Amye Tevaarwerk, Crystal S. Denlinger, Tara Sanft, Shannon M. Ansbaugh, Saro Armenian, K. Scott Baker, Gregory Broderick, Andrew Day, Wendy Demark-Wahnefried, Kristin Dickinson, Debra L. Friedman, Patricia Ganz, Mindy Goldman, Norah Lynn Henry, Christine Hill-Kayser, Melissa Hudson, Nazanin Khakpour, Divya Koura, Allison L. McDonough, Michelle Melisko, Kathi Mooney, Halle C.F. Moore, Natalie Moryl, Javid J. Moslehi, Tracey O’Connor, Linda Overholser, Electra D. Paskett, Chirayu Patel, Lindsay Peterson, William Pirl, M. Alma Rodriguez, Kathryn J. Ruddy, Lidia Schapira, Lillie Shockney, Sophia Smith, Karen L. Syrjala, Phyllis Zee, Nicole R. McMillian, and Deborah A. Freedman-Cass

The NCCN Guidelines for Survivorship are intended to help healthcare professionals working with cancer survivors to ensure that each survivor’s complex and varied needs are addressed.
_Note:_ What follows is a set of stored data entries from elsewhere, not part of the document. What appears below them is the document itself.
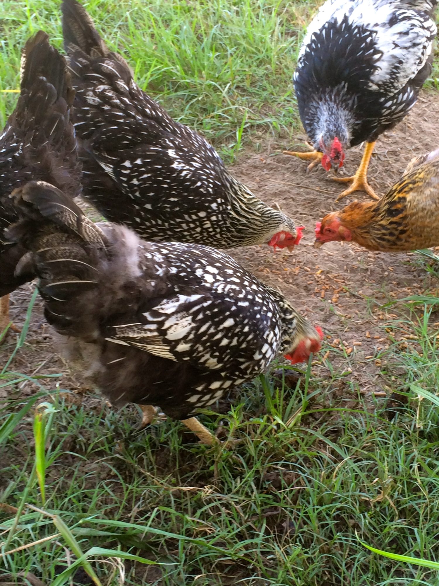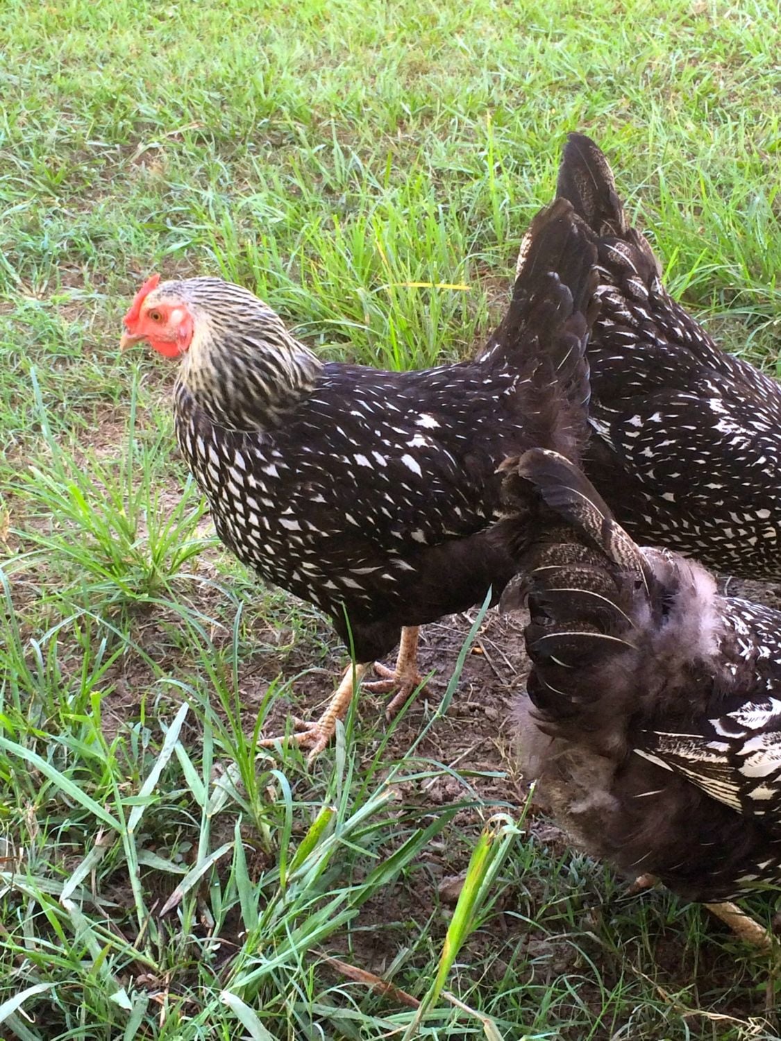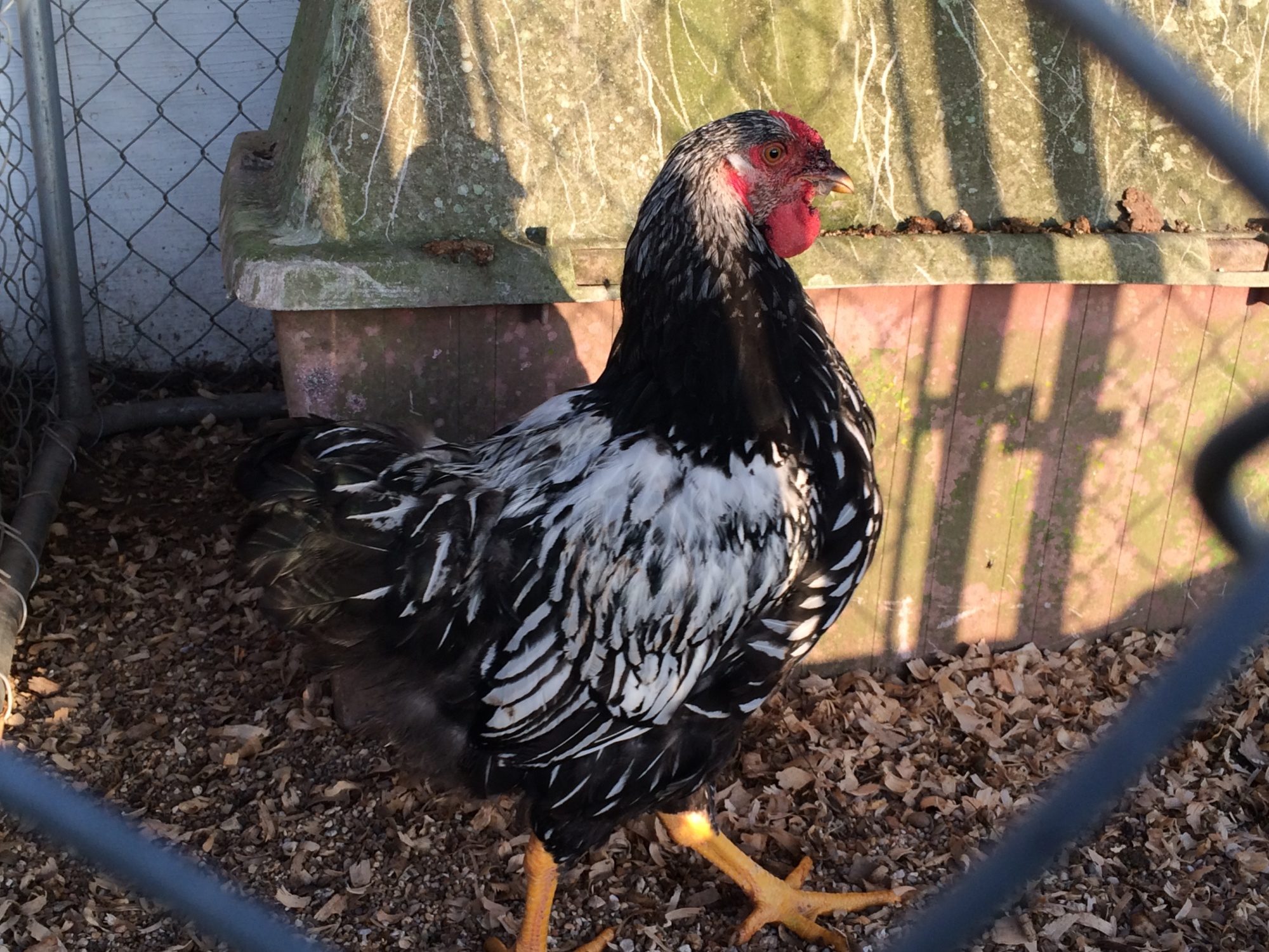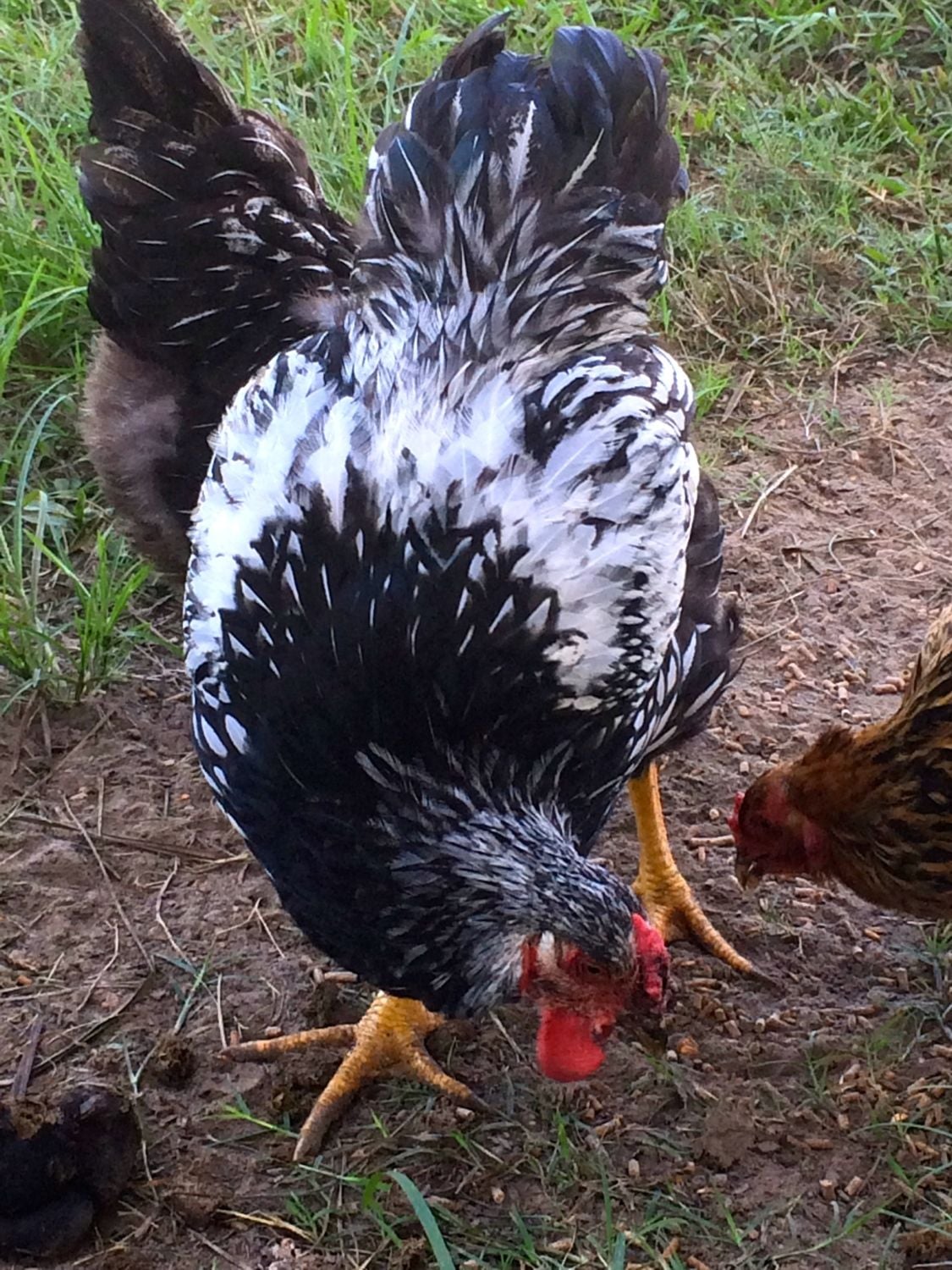 The new wyandotte roo. I'm not sure how old he is, but he barely even has spur nubs, so he can't be very old. He's going to be huge!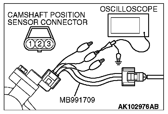 1. Disconnect the camshaft position sensor connector, and connect the test harness special tool (MB991709) between the separated connector (All terminals should be connected).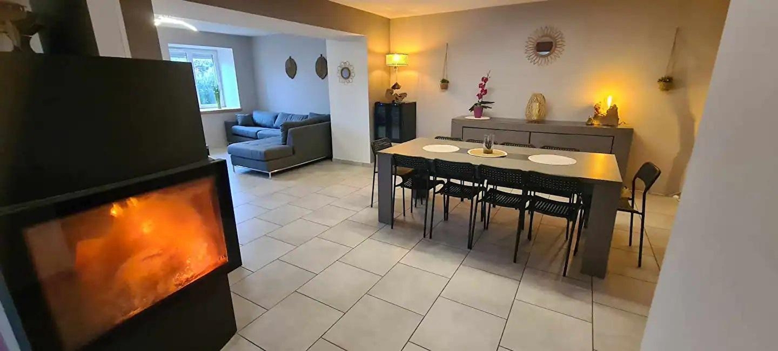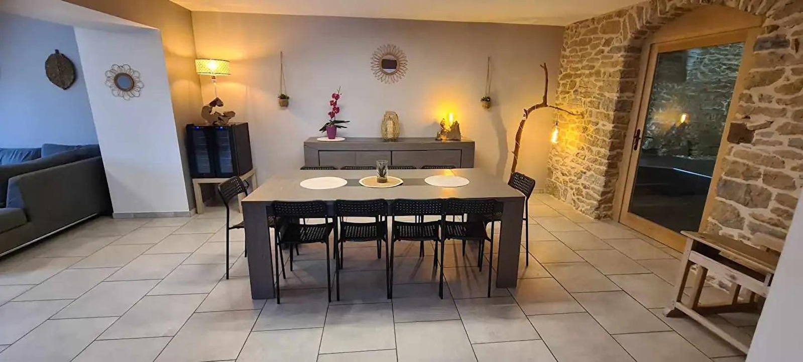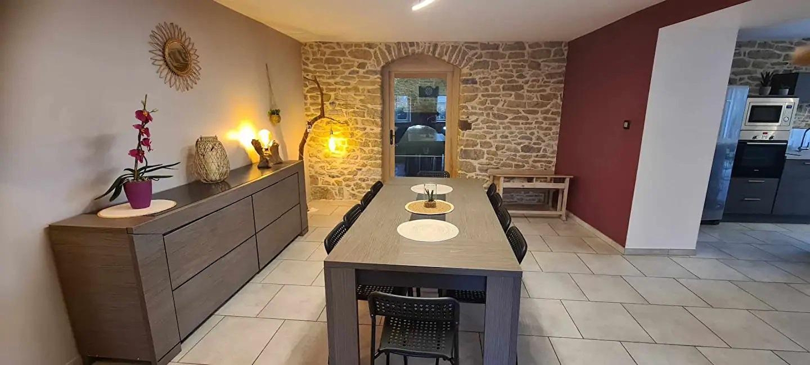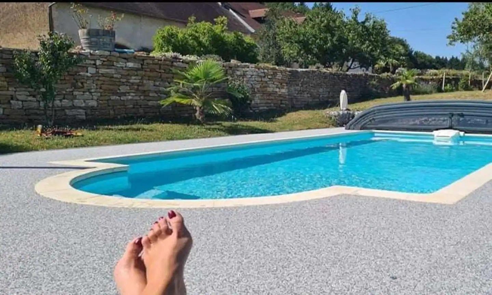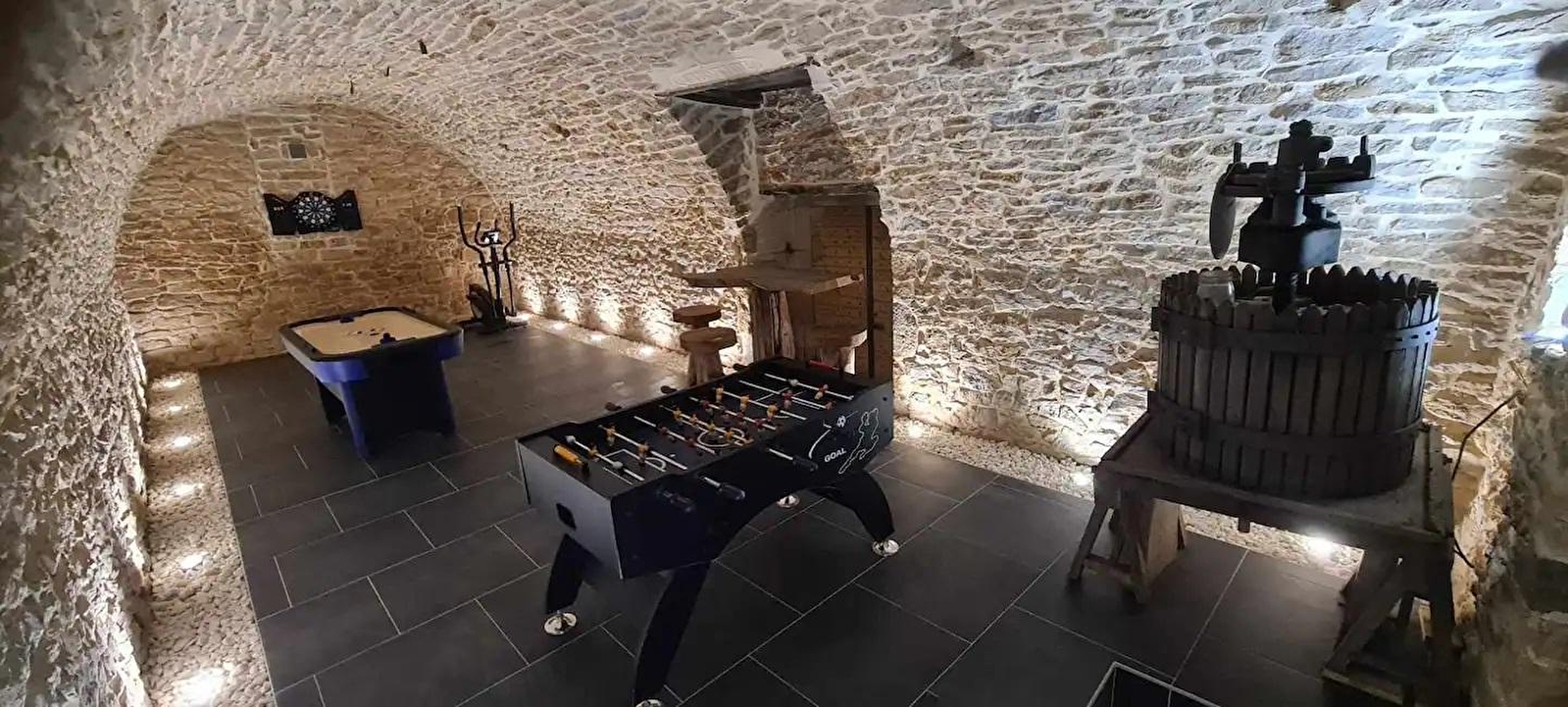 Cette belle maison en pierre vous charmera par ses nombreuses prestations, elle possède une cave voutée transformée en espace de jeu, de grandes pièces à vivre, 2 grandes terrasses, et surtout une piscine avec cuisine d'été. Au rez de chaussée, grande pièce à vivre comprenant le hall d'entrée, la Cuisine équipée, le salon, les WC et la salle à manger avec un poêle à bois et un accès par une porte vitrée à la cave voutée en pierre aménagée en salle de jeu avec babyfoot, jeu de fléchettes, Air hockey et vélo elliptique. Au 1er étage, 1 suite parentale de 21m2 avec 1 lit double, 1 lit parapluie (avec matelas), un dressing et une salle de bain avec une douche, 1 grande chambre de 14,5 m2 avec 1 lit double et 1 lit parapluie (avec matelas) et un placard mural, 1 grande chambre de 18 m2 avec 1 lit double, 2 lits simples gigognes et un placard mural, 1 chambre de 11 m2 avec 1 lit double et un placard mural, 1 salle de bain avec baignoire et table à langer, 1 Wc indépendant. Un extérieur de 1100m2 clôturé avec terrasse de 80m² devant la maison équipé d'un salon de jardin, piscine de 8m x 4m avec un dôme (selon les années et la météo grâce au dôme il est possible de se baigner d'avril à septembre), terrasse de 120m² autour de la piscine avec des transats. Cuisine d'été avec barbecue ( au charbon ) et évier. Pergola avec table et chaises pour le repas. Idéalement situé, au cœur du vignoble jurassien, à proximité de Château-Chalon, Baume-les-Messieurs et Arbois, elle permet de nombreuses activités touristiques et de loisirs aux thèmes variés :randonnées, baignades en lacs et rivière, visites de sites naturels grandioses et historiques, découverte des vins du Jura et du Comté. Note : - Forfait Draps, couettes et serviettes de toilette (grandes et petites) : 60€ pour l'ensemble de la maison - sans ce forfait les couettes ne sont pas mises à disposition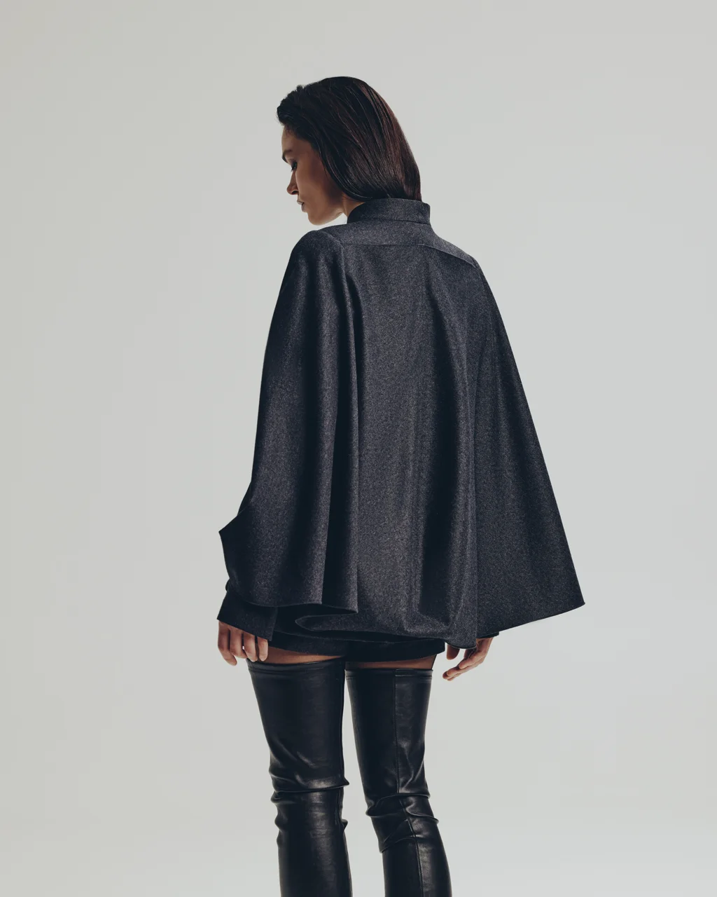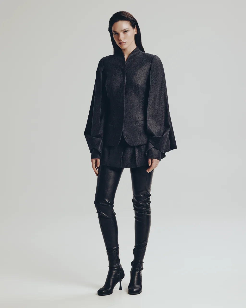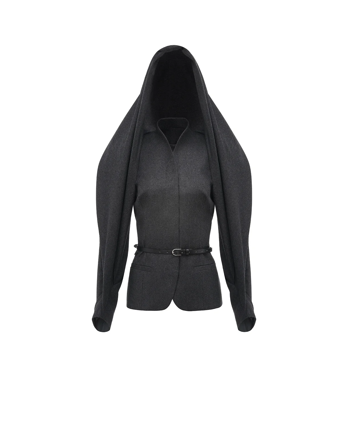 Жакет выполнен из премиальной итальянской шерсти и кашемира, который изготавливается из тонкого волокна особых пород коз. Тонкое волокно позволяет ткани лежать мягкими фалдами, при этом не терять фактуру и в то же время держать форму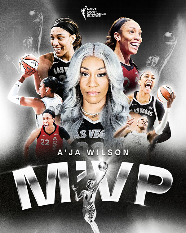 阿贾-威尔逊全票荣获MVP,湖人球星詹姆斯连续转发多张海报,祝贺她获此殊荣。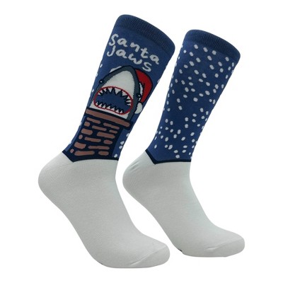Crazy Dog Men's Santa Jaws Socks Funny Sarcastic Christmas Graphic Novelty Shark Footwear for Men

The Guidelines provide screening, evaluation, and treatment recommendations for consequences of adult-onset cancer and its treatment; recommendations to help promote healthful lifestyle behaviors, weight management, and immunizations in survivors; and a framework for care coordination. This article summarizes the recommendations regarding employment and return to work for cancer survivors that were added in the 2021 version of the NCCN Guidelines.